The New Illinois Power of Attorney for Health Care

An amendment to the Illinois Power of Attorney Act is headed to the Governor’s desk to be signed into law. It contains some important modifications for both estate planning attorneys and those executing powers of attorney enabling their agents to make health care decisions on their behalf.

Some of the highlights (or lowlights depending on your view of the re-write) are as follows:

Definitions expanded.

The re-write clarifies definitions, including who may and may not serve as a witness. It specifically spells out that witnesses must be 18- already required under law, but goes along with the general principals of the amended text which are primarily concerned with making the statute and statutory short form more easily understood by ordinary people.  It also expands the language prohibiting an attending physician as witness to other medical professionals including advanced practice nurses, physician assistants, dentists, podiatric physicians and optometrists and mental health care providers. The inclusion of physician assistants and advanced care nurses, like nurse practitioners makes sense to me, though I struggle to understand when a dentist may be in a position to diagnose an incapacity leading to being classified as an interested witness for purposes of this form.

Simplification of meeting the statutory power of attorney for healthcare classification.  

Previously the statute required that, in order to be deemed to be a statutory form POAHC, a power of attorney must be in a “substantially the form proscribed in the statute.” The amended text scraps this entire mess and simply states that a POAHC may be in any form and be deemed statutory so long as it includes the notice to the individual signing contained in the statute.
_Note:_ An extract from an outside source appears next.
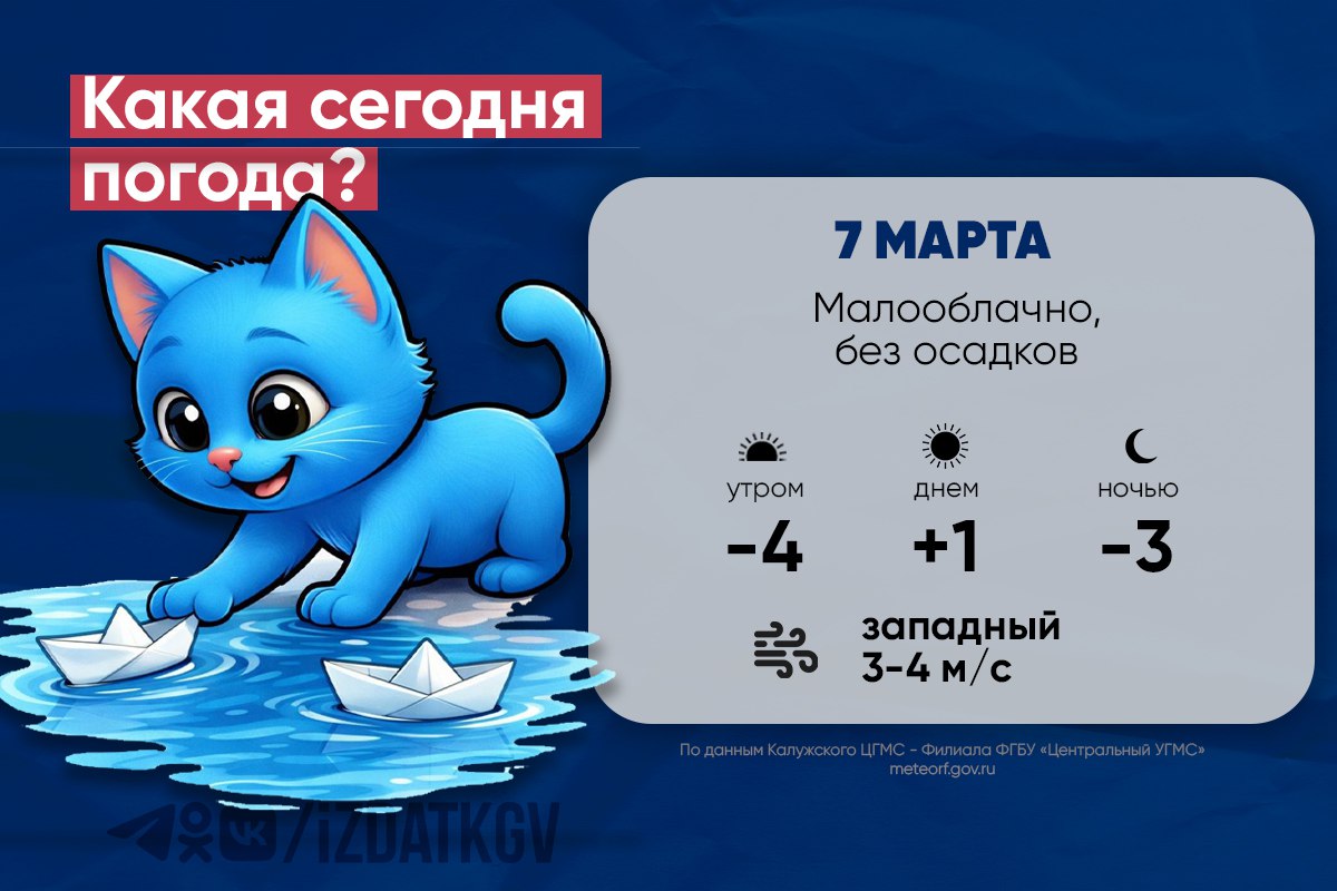 В субботу, 7 марта, в Калужской области ожидается по-настоящему весенняя погода. Синоптики прогнозируют малооблачный день с прояснениями. Утром будет еще прохладно — около -3 градусов, но днём воздух прогреется до +3. К...

The obvious hope is that POAs that don’t meet the statutory form verbatim (for example, those drafted by an attorney that include an extra agent power or two, but otherwise mirror the statutory text) won’t receive unnecessary scrutiny leading to unnecessary delays in treatment.
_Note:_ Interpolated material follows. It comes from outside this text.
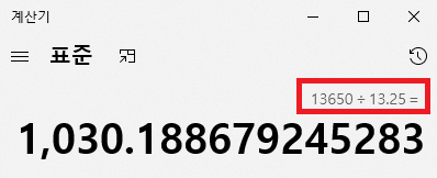 이를 나누게 되면, 약 12mf EPS가 1,030으로 산출됩니다.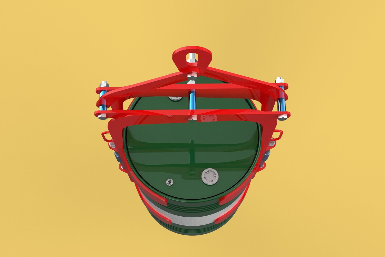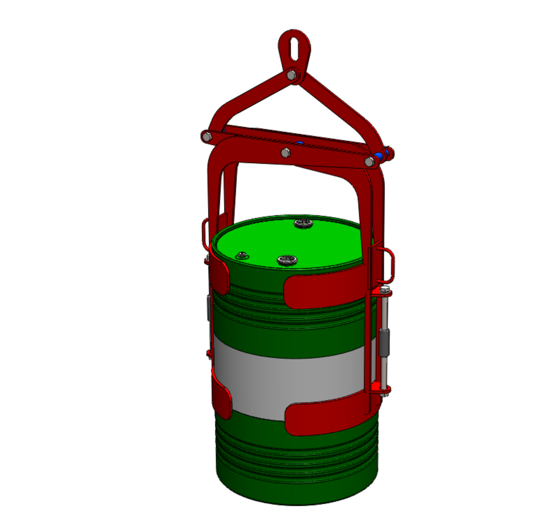 Lifting Clamp/Grab: The device functions as a clamp or grab, securely fastening itself to the drum to facilitate vertical lifting.

Addition of a FAQ section for individuals considering the form.

The most substantial change to the statute is the inclusion of a new Notice to the individual signing the form as well as a frequently asked questions section written in plain English. The section addresses issues such as:

            >   What are the things that I want my health care agent to know?

            >   What is most important to you in your life?

            >   How important is it to avoid pain and suffering?

            >   If you had to choose, is it more important to you to live as long as possible, or to avoid prolonged suffering or disability?

            >   Would you rather be at home or in a hospital for the last days or weeks of your life?

            >   What kind of decisions can my agent make?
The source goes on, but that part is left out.